Note that Go and Java code are not doing the same! See xargon7 comment.
I feel this is so misleading. For example, by default after spawning, Erlang would have some memory preallocated for each process, so they don't need to ask the operation system for new allocations (and if you want to shrink it, you call hibernate).
Do something more real, like message passing with one million processes or websockets. Or 1M tcp connections. Because, the moment you send messages, here is when the magic happens (and memory would grow, the delay when each message is processed would be different in different languages).
Oh, and btw, if you want to do THAT in erlang, use timer:apply_after(Time, Module, Function, Arguments). Which would not spawn an erlang process, just would put the task to the timer scheduling table.
And Elixir was in the old article, and they implemented it all wrong. Sad.
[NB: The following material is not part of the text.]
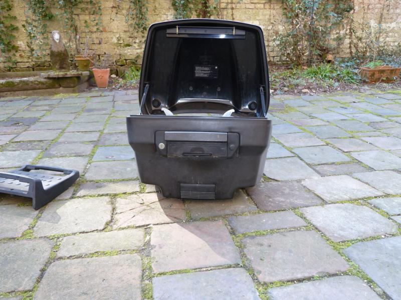 Das Top-Case und die Halterungsplatte sind für ihre 12 Jahre Gebrauch in gutem Zustand. Das Top-Case ist wasserdicht und voll funktionsfähig. Natürlich weist es außen sowie innen Gebrauchsspuren und ein paar Kratzer auf. Für meine Reisen hat es mir in den letzten Jahren sehr gute Dienste geleistet.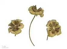 The plant grows to about 30–60 centimetres (1–2 feet) in height and width,[4] less commonly 120 cm (4 ft).[5] When the plant freezes, the roots will preserve its life.[6] The velvety leaves are pinnately lobed or scalloped.[6][5] The flower head is approximately 4 cm (1+1⁄2 inches) in diameter, with 5–12 (most commonly 8) yellow ray florets, which are 1.5 cm (5⁄8 in) long.[5] In areas that freeze, the flowers bloom at night from spring until frost.[4] In frost-free areas, it will bloom year-round (typically April to October).[4][5] Around mid-morning, the flowers close or drop.[4] As it gets hotter, the flower begins to turn white and the ray florets begin to drop, leaving the green disc shape.[6] The seed-like fruit is scaleless and hairless at the tip.[5]

List<Task> tasks = new List<Task>(numTasks);
https://learn.microsoft.com/en-us/dotnet/core/deploying/nati...
This is the code:
# /// script
# requires-python = ">=3.12"
# dependencies = ["uvloop"]
# ///
import asyncio
import sys
import uvloop
async def main(num_tasks):
tasks = []
for task_id in range(num_tasks):
tasks.append(asyncio.sleep(10))
await asyncio.gather(*tasks)
if __name__ == "__main__":
num_tasks = int(sys.argv[1])
# uvloop.run(main(num_tasks))
asyncio.run(main(num_tasks))
I ran it with 100k tasks: /usr/bin/time -l -p -h uv run async-memory.py 100000
On my M1 MacBook Pro, using asyncio reports (~170MB): 170835968 maximum resident set size
Using uvloop (~204MB): 204259328 maximum resident set size
I kept the `import uvloop` statement when just using asyncio so that both cases start in the same conditions.